Breaking down exposure management

While participating in some industry analyst research, I was asked how I’d walk someone through and connect these concepts. This is a paraphrased version of the talk track (with some visuals based on prior work).

I’ve continued to think about the convergence of a number of foundational security activities into a more holistic exposure management practice (and ultimately, exposure management products). Those activities include, asset, attack surface, attack path, and vulnerability management, among others. In this case, we’ll look at them hierarchically.

Situational awareness: Assets and attack surface

Asset management is foundational to information technology governance and cybersecurity hygiene. We often say that we can’t detect what we can’t see, but this overlooks the fact that we can’t do anything at all to protect an asset that we don’t know about in the first place. Asset management takes into account the subjects of processes like procurement, ownership, maintenance, periodic inventory or other forms of discovery, and more. Of course, not all assets that an organization will manage are cybersecurity or information assets, but it’s better to be greedy when it comes to intake of asset data, so that you can exclude assets that aren’t in scope versus making assumptions.

Every asset management activity is an opportunity to identify and manage your attack surface.

Attack surface management involves continually validating the presence, state, and key attributes of assets you know about, and actively seeking assets you don’t yet know about or understand (i.e., assets not captured as part of asset management processes). The goal of this activity is to enrich your asset data set with the information needed to know what needs protecting, and ultimately to continuously take the steps needed to protect at-risk assets.

Your security controls are part of your attack surface!

Attack surface management may be best thought of as an umbrella activity within which a number of lower-level, highly conextual activities exist.

Context and depth: Attack paths, vulnerabilities, intelligence, and more

Attack path management, which starts with how an adversary might gain initial access to any part of our attack surface, and progresses into understanding the various ways they can progress by way of identities, applications, systems, networks, and more.
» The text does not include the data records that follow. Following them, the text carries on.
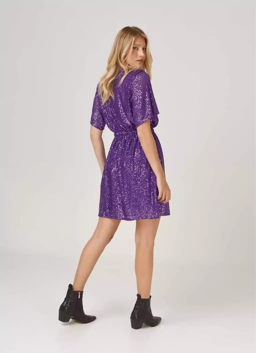 Vestido TINA, confeccionado textil bordado con lentejuelas. Forrado en su interior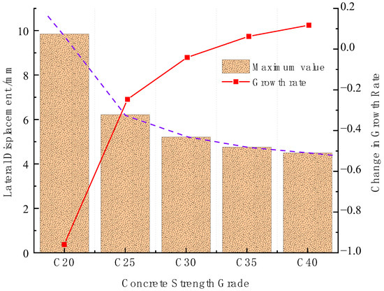 The stiffness of the retaining piles in the foundation pit is mainly influenced by the structural elastic modulus and the sectional moment of inertia [29]. By adjusting the stiffness of the retaining piles, the influence of the stiffness variation on the deformation of the retaining piles can be analyzed. The structural elastic modulus is reflected by the structural material, namely the concrete strength of the retaining piles. While keeping the other engineering design parameters constant, the concrete strength grades are sequentially adjusted to C20, C25, C30, C35 and C40, and the influence of different elastic moduli on the deformation of the retaining piles is studied. As shown in Figure 11, the lateral displacement curve of the retaining piles under different concrete strengths is obtained. With the increase of concrete strength, the elastic modulus of the retaining piles also increases, and the deformation of the retaining piles contracts. The maximum deformation position remains basically unchanged.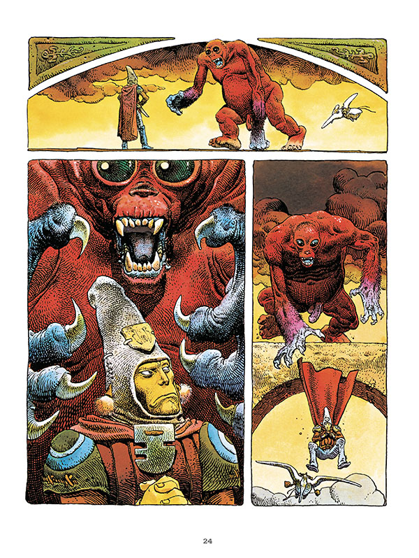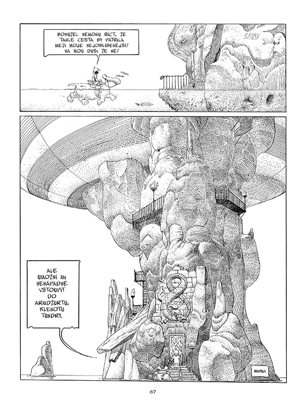 Mlčenlivý bojovník prolétá fantaskními světy, aby sváděl kruté a komické boje s bizarními a obřími protivníky. Snové sci-fi příběhy zasahující čtenáře melancholickou náladou a neuchopitelnou atmosférou. A spolu s ním přicházejí bizarní příběhy dadaistického rázu jménem Hermetická garáž! Dva příběhy, které předvádějí Moebia v jeho nejlepší formě a podobě. Vychází ve velkém, luxusním vydání, doplněném o důkladný rozbor Moebiova díla a malířského stylu!

This can range from very simple to very in-depth:

• Elementary: Understanding asset accessibility. For instance, are assets accessible only via internal networks, or are they connected directly to the Internet? Are web-based portals also protected by key material, or can anyone access the login screen?
• Intermediate: Understanding asset components and behavior? What does the system look like when observed under normal operating conditions? What user, application, or underlying platform behaviors might be present if it is under attack?
• Advanced: Understanding the asset in the context of a holistic threat model, including whether the system is subject to targeting by adversaries with exceptional capabilities or motivations.

Vulnerability management, best thought of as a peer to attack path management, as most initial access stems from some identified and manageable class of vulnerability, including software, configuration, process, or human/user.

Good attack surface management solutions also incorporate ongoing activities like network scanning and cloud posture management (technically a form of configuration vulnerability management). They also includes oversight activities like penetration testing and red teaming, aimed at validation assumptions about your attack surface and your ability to defend it against adversaries.

Ultimately, the synthesis of all of this data integrated with high quality threat intelligence, to help you prioritize what’s likely and understand what’s possible, should result in understanding which of your assets are most exposed so that you can take action to mitigate risk.